Output the data below exactly, without images.

*** TASK INPUT Section Begins ***

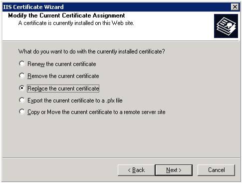 - Chọn website cũ và chọn mục “Replace current certificate”, sau đó chọn chứng thư số mới (bạn có thể để ý ngày hết hạn để tìm ra chứng thư mới).
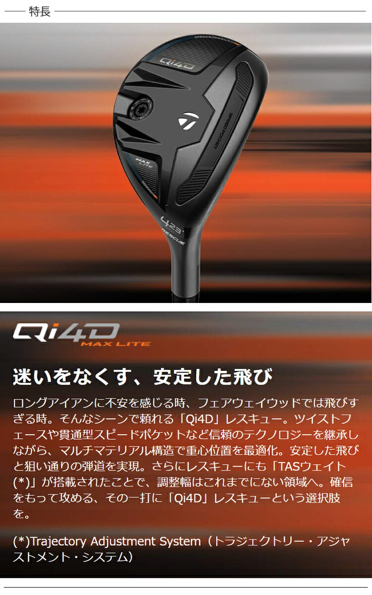 ロングアイアンに不安を感じる時、フェアウェイウッドでは飛びすぎる時。そんなシーンで頼れる「Qi4D」レスキュー。ツイストフェースや貫通型スピードポケットなど信頼のテクノロジーを継承しながら、マルチマテリアル構造で重心位置を最適化。安定した飛びと狙い通りの弾道を実現。さらにレスキューにも「TASウェイト」が搭載されたことで、調整幅はこれまでにない領域へ。確信をもって攻める、その一打に「Qi4D」レスキューという選択肢を。Trajectory Adjustment System(トラジェクトリー・アジャストメント・システム)
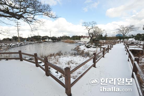 ▲마을의 대표적 습지로 꼽히는 눈쌓인 모산이물의 겨울 풍경.
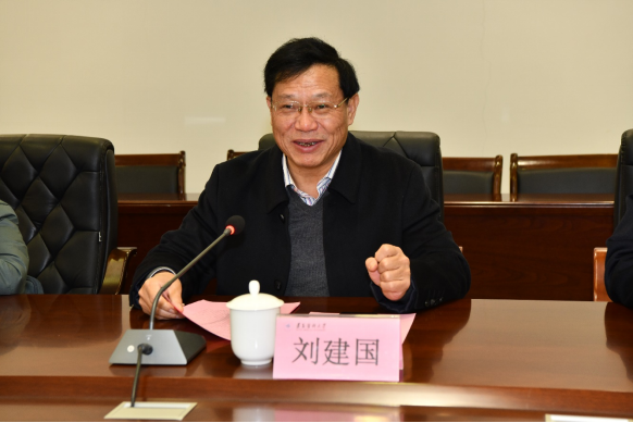 刘建国在致辞中代表学校党委对石河子大学关工委一行表示热烈的欢迎,并介绍了学校传承红色记忆、扎根革命老区,在培养高素质医学人才上取得的成就及未来在党的二十大精神引领下学校的发展蓝图。
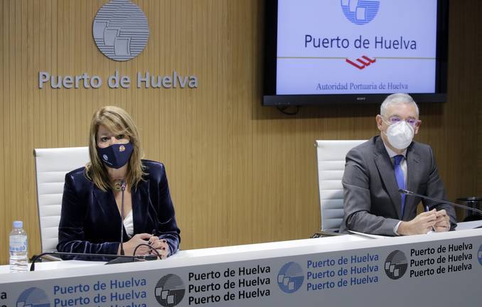 Pilar Miranda, acompañada por el director del Puerto de Huelva, Ignacio Álvarez-Ossorio, ha anunciado la previsión de puesta en marcha durante el primer trimestre de 2022 de una nueva línea marítima regular entre el puerto onubense y Marruecos y otra línea regular con Reino Unido antes del verano.
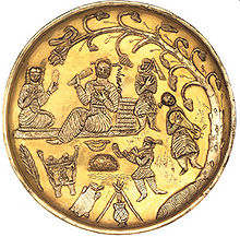 The main exports of the Sassanids were silk; woolen and golden textiles; carpets and rugs; hides; and, leather and pearls from the Persian Gulf. There were also goods in transit from China (paper, silk) and India (spices), which Sassanid customs imposed taxes upon, and which were re-exported from the Empire to Europe.

*** TASK INPUT Section Ends ***

▶ **EXPECTED ANSWER**
 - Chọn website cũ và chọn mục “Replace current certificate”, sau đó chọn chứng thư số mới (bạn có thể để ý ngày hết hạn để tìm ra chứng thư mới).
 ロングアイアンに不安を感じる時、フェアウェイウッドでは飛びすぎる時。そんなシーンで頼れる「Qi4D」レスキュー。ツイストフェースや貫通型スピードポケットなど信頼のテクノロジーを継承しながら、マルチマテリアル構造で重心位置を最適化。安定した飛びと狙い通りの弾道を実現。さらにレスキューにも「TASウェイト」が搭載されたことで、調整幅はこれまでにない領域へ。確信をもって攻める、その一打に「Qi4D」レスキューという選択肢を。Trajectory Adjustment System(トラジェクトリー・アジャストメント・システム)
 ▲마을의 대표적 습지로 꼽히는 눈쌓인 모산이물의 겨울 풍경.
 刘建国在致辞中代表学校党委对石河子大学关工委一行表示热烈的欢迎,并介绍了学校传承红色记忆、扎根革命老区,在培养高素质医学人才上取得的成就及未来在党的二十大精神引领下学校的发展蓝图。
 Pilar Miranda, acompañada por el director del Puerto de Huelva, Ignacio Álvarez-Ossorio, ha anunciado la previsión de puesta en marcha durante el primer trimestre de 2022 de una nueva línea marítima regular entre el puerto onubense y Marruecos y otra línea regular con Reino Unido antes del verano.
 The main exports of the Sassanids were silk; woolen and golden textiles; carpets and rugs; hides; and, leather and pearls from the Persian Gulf. There were also goods in transit from China (paper, silk) and India (spices), which Sassanid customs imposed taxes upon, and which were re-exported from the Empire to Europe.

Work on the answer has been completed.